Golpeó a Su Madre por Dinero, Luego Descubrió Para Qué Lo Guardaba

Medicamentos omitidos algunos días para ahorrar. Un procedimiento parcialmente negado por el seguro. Una fecha límite.

Cada palabra era una piedra cayendo dentro de Mateo.

“Los ahorros…” murmuró.

Carmen bajó la mirada.

“Eran para eso.”

Verónica permaneció de pie detrás de él, inmóvil. Por primera vez, no tenía una frase lista.

Mateo se acercó despacio a la silla de ruedas.

“¿Por qué no me dijiste?”

Carmen soltó una risa triste, casi sin sonido.

“Porque cuando te llamaba, estabas ocupado. Y cuando tú llamabas, necesitabas dinero. No quería ser otra deuda.”

Mateo cayó de rodillas.

La gente de la sala volteó. A él no le importó.

“Mamá, perdóname.”

Intentó tomarle las manos. Carmen las recogió en su regazo. El gesto fue pequeño, pero lo dejó sin aire.

“No me pidas que haga como si nada pasó”, dijo ella.

“No. No, claro que no. Yo…” La voz se le rompió. “Yo no sé qué me pasó.”

Carmen lo miró con una calma dolorosa.

“Sí sabes. Elegiste creer lo peor de mí porque era más fácil que mirarte a ti.”

Mateo bajó la cabeza hasta casi tocar la manta.

“Voy a arreglarlo. Voy a pagar todo. Vendo el auto, lo que sea.”

Verónica dio un paso adelante.

“Mateo, no prometas cosas que no podemos—”

Él se levantó de golpe.

“No hables.”

Verónica parpadeó, ofendida.

“¿Perdón?”

“Dije que no hables.”

La doctora, incómoda, dejó la carpeta sobre una mesa auxiliar.

“Les daré unos minutos.”

Al moverse, una hoja se deslizó y cayó al suelo. Mateo se agachó para recogerla. Era un recibo doblado, con una transferencia bancaria impresa. Estaba fechado seis meses antes. Beneficiaria: Verónica Salcedo.

La cantidad: cuatro mil quinientos dólares.

Mateo se quedó helado.

Carmen extendió la mano con desesperación.

“Mateo, dame eso.”

Pero él ya lo había leído.

Miró a Verónica.

“¿Qué es esto?”

El color abandonó el rostro de su esposa.

“No sé.”

“Tu nombre está aquí.”

Verónica apretó el bolso contra el pecho.

“Ah, eso. Fue un préstamo. Tu mamá me ayudó cuando tuve un problema con el local.”

Mateo sintió que una puerta se abría en su memoria. Verónica le había dicho que Carmen nunca quería ayudar. Que Carmen los juzgaba. Que Carmen escondía dinero. Que Carmen prefería verlos hundirse antes que soltar un centavo.

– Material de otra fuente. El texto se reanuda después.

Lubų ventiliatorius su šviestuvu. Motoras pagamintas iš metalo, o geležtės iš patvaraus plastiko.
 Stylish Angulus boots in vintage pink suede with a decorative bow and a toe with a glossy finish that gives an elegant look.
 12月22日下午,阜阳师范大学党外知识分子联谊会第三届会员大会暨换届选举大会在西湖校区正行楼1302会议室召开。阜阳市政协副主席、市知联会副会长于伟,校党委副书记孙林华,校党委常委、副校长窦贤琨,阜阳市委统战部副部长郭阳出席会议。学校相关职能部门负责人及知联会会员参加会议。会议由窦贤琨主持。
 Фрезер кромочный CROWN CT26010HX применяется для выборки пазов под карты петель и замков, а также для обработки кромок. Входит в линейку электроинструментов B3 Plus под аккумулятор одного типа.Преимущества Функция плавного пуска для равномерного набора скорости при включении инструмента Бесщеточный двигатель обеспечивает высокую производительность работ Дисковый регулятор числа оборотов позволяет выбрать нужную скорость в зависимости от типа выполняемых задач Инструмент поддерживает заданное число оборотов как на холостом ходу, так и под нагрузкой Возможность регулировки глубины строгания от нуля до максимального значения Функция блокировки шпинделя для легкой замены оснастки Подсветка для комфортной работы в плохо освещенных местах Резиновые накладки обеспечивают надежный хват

“Mamá”, dijo él, sin apartar la vista de Verónica, “¿tú le diste dinero?”

Carmen respiró con dificultad.

“Ella vino a verme.”

“¿Cuándo?”

“Hace seis meses.”

Verónica levantó la voz.

“Eso no importa ahora.”

“Sí importa”, dijo Mateo.

Carmen cerró los ojos, como si contar aquello le doliera más que la enfermedad.

“Llegó llorando. Dijo que si tú te enterabas de sus deudas, la dejarías. Que unos prestamistas la estaban buscando. Me pidió que no te dijera nada. Me juró que iba a pagarlo.”

Mateo dio un paso atrás.

Verónica se defendió rápido.

“Exageró. Yo solo necesitaba tiempo.”

“¿Y después me dijiste que ella era egoísta?”

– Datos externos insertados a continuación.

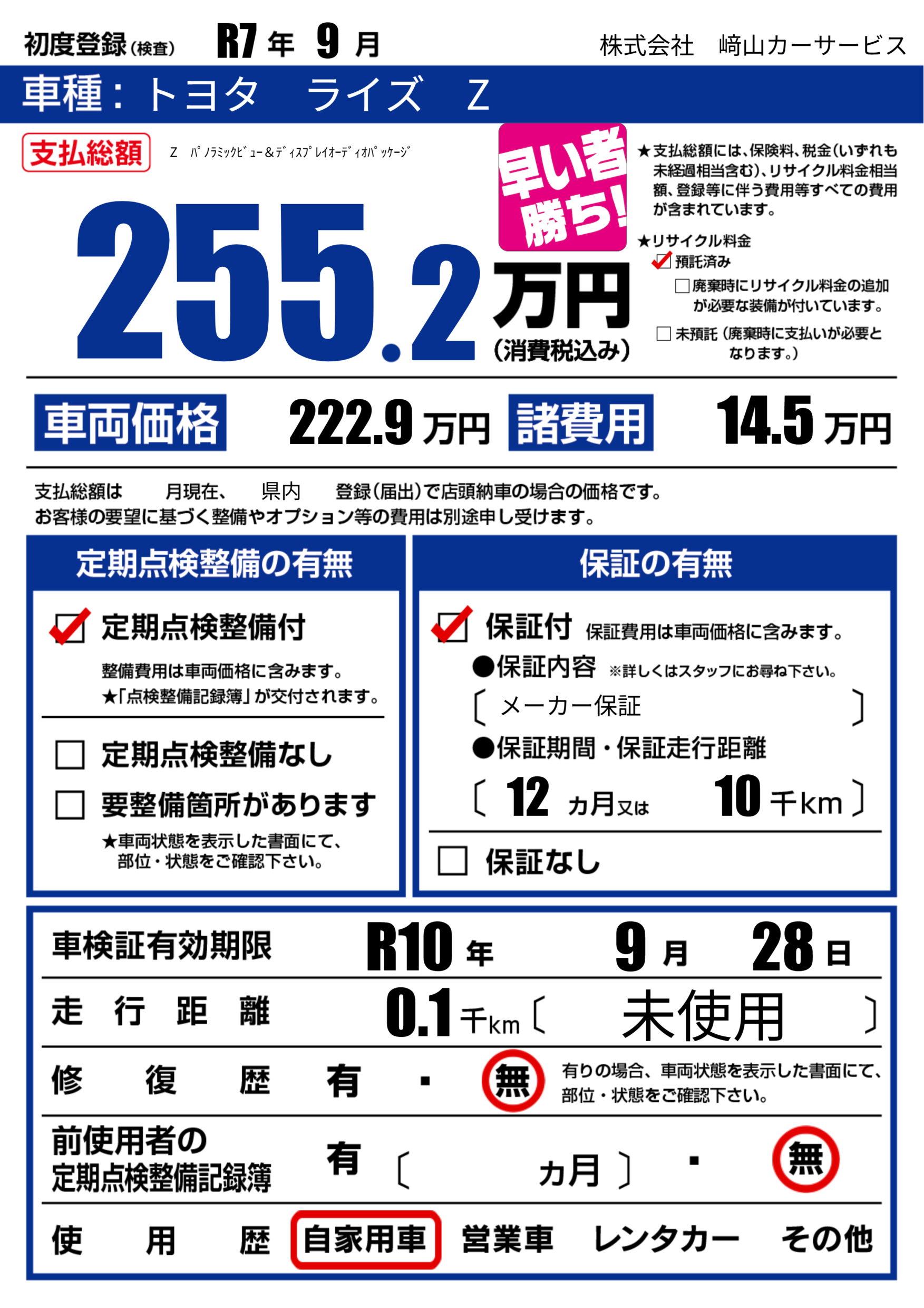 | 初年度登録 | R7年9月 | ||

“Porque lo es. Me dio una parte y luego se negó a dar más.”

La frase quedó desnuda en el aire.

Carmen abrió los ojos. Ya no había miedo en ellos. Solo una tristeza cansada.

“No me negué por maldad, Verónica. Me negué porque me diagnosticaron.”

Verónica apartó la mirada.

Mateo entendió entonces la forma completa de la traición. Su madre había ayudado a su esposa en secreto.